Client-side open standards and APIs allow the NAC vendor's endpoint integrity agents to fully scan the endpoint machine for endpoint software and posture assessment that the NAC solution from your vendor might not natively include. For example, although your NAC vendor might provide a native ability to scan for and remediate missing operating-system patches, your team might have already spent considerable time and money on your own chosen patch remediation solution. By using APIs (including the Trusted Computing Group's Trusted Network Connect and Microsoft's NAP SHA/SHV APIs), you can work with your patch vendor or on your own to successfully create scans that are fully integrated into the capabilities of the NAC endpoint-integrity inspection engine.

By extending NAC on the endpoint, you create a native solution that combines most of what you need and provides you with the ability to extend that solution further to address your specific needs.

Remember! Don't craft a security policy that's constrained to the limitations of available vendor solutions; instead, begin with a set of policies that meet the needs of your organization, and then choose the solution that best meets those needs.

Read all of "Extending NAC" from NAC for Dummies
Integrating NAC with network security tools  

Extending NAC enforcement to network security devices

Disk encryption integration

In a business environment that has increasingly mobile users accessing data from an ever-expanding range of devices, disk encryption becomes a great tool to help prevent data theft from lost or stolen machines.

Tens of thousands of laptops are lost or stolen each year in places such as airports, coffee shops, taxis, and other public areas. Those same laptops often contain a wealth of important information -- many high profile cases have involved the loss of machines that contained credit card numbers, Social Security numbers, and other sensitive data. If the organizations involved had protected these machines by using encrypted disks, they could have greatly reduced the concerns over that data loss or theft.

While these solutions become more popular, NAC vendors will probably provide native checks to ensure that a machine has disk encryption software installed, which is actively encrypting.
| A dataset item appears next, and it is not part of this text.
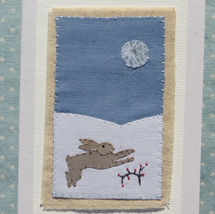 I have always loved hares, and see them in the fields out here on the Lincolnshire marshes. There is mythology around the full moon and hares, which was the inspiration for this miniature hand-stitched textile. It has proved popular as a Christmas design, but for other occasions too. It would look lovely framed.
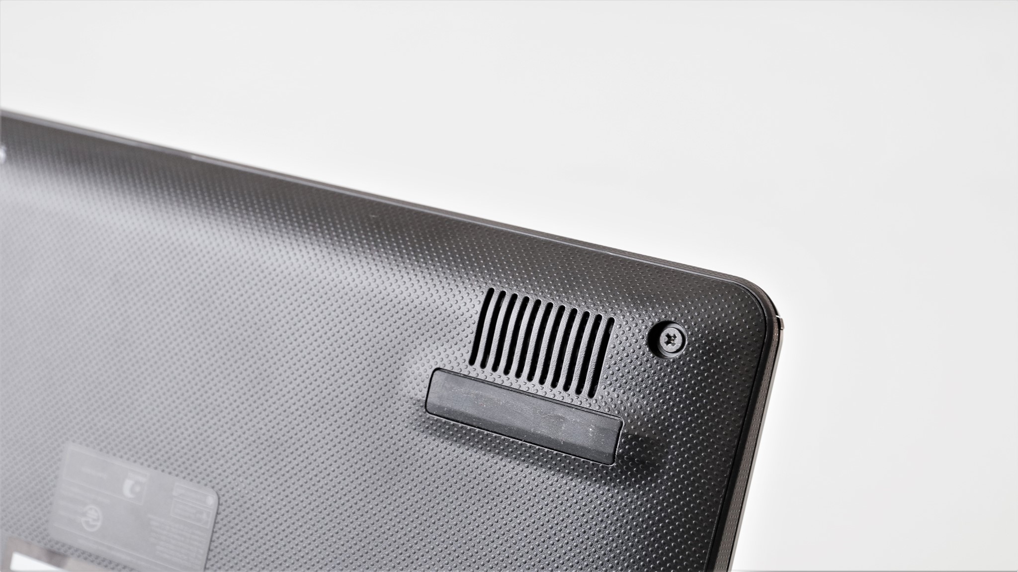 Sunetul extern iese prin zona de jos, prin două difuzoare stereo așezate către colțurile opuse balamalelor ecranului.

Tip! In the meantime, the extensibility of NAC allows it to provide custom checks on the endpoint that ensure every applicable laptop complies with your disk encryption policies.

Data leakage prevention integration

The jury is still out on data leakage prevention (DLP) solutions. Vendors have come a long way in recent years in terms of their ability to effectively fingerprint and identify sensitive corporate data without requiring each customer to maintain a team of people to keep the solution up to date and effective. Most of these solutions incorporate a network-based component, as well as an endpoint-based client component. By using NAC, you can ensure that your DLP solution is actively protecting each endpoint on the network, minimizing the risk of data leakage or data theft.

These types of solutions sometimes overlap with other solutions discussed in this chapter -- including solutions such as disk encryption (which we talk about in the preceding section) and peripheral protection (as discussed in the following section). NAC can help you achieve your data loss and theft prevention goals, regardless of the approach that your organization takes.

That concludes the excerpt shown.